SPOF

Never put all your eggs in one basket  — Don Quixote

Diversify your investments any investment advisor

A single point of failure (SPOF) is a part of a system that, if it fails, will stop the entire system from working. SPOFs are undesirable in any system with a goal of high availability or reliability, be it a business practice, software application, or other industrial system Wikipedia

Or a boat. So then, why do marine engineers invent a network that, when it fails, will take down the boat's entire system of electronics? Mind you, this is not a modern network that can be engineered with redundant segments and backup routers and switches so that there is no SPOF. No, this is a network based on RS422, a prehistoric wire protocol that was never intended for networking. It is insane. To be fair, Raymarine's version of it (Seatalk) has been tightened up so that, on a good day, the thing actually works. But it is the principle of it that gets me. It is such bad engineering that anyone can understand why you shouldn't base all your electronics on it.

Recently, it seems that good days only happen about two days out of three. On the third day the net doesn't work. It happened again the other day just after I gybed in fairly heavy weather in Storm Bay meaning I was suddenly without an autopilot. When single-handed, as I was, the autopilot is not just nice to have, it's essential. You cannot steer the boat AND change sails at the same time. So I had a tedious trip back to Hobart, stuck behind the helm. When I got back into calmer water I was able to balance the boat well enough to leave the wheel, get the sails down and motor home, but it was not an enjoyable outing.

This is an intermittent problem — it comes and goes. This time though it seemed to be stuck in 'comes'. Good, at least I would have some chance of finding it.

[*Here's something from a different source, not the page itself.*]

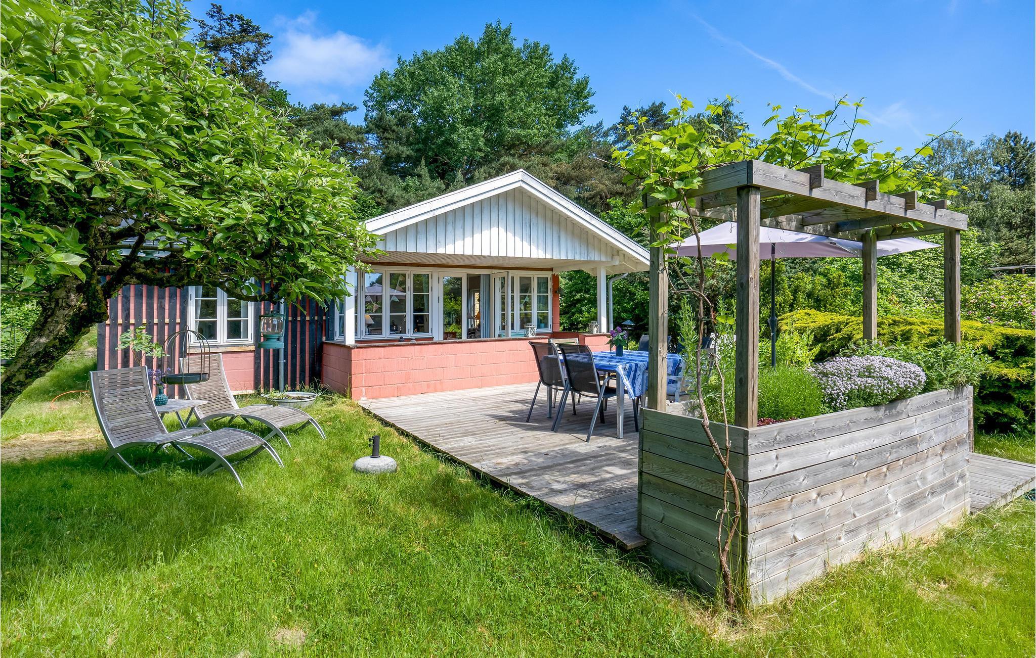 Charmerende sommerhus nær Bognæs med hyggelige terrasser, have og kun 500 m til vandet.

I suspected the wind instruments. Why? Because I'm an idiot and because they are furthest away, at the top of the mast and quite exposed. So I ferreted around in the bilges trying to find where the wind instruments connect to the network. Finally, I discovered a tiny little black box (yep) at the foot of the mast with three wires going into it, one of which might be the wind data. I disconnected it and switched on the network. No difference, so it isn't the wind instruments. It had taken about an hour to trace the wiring and deduce which instrument belonged to which wire. I now had no choice but to repeat the process for every transducer and display connected to the network -- about a dozen items all up. I was down to the last three items on the list when my brain snapped into gear and I realized what the problem was. No prizes for guessing that it was the grungy piece of crap depicted in the photo above.

This is an old GPS that I no longer use and that I had stupidly overlooked simply because it's no longer an active part of the system. But is was still connected!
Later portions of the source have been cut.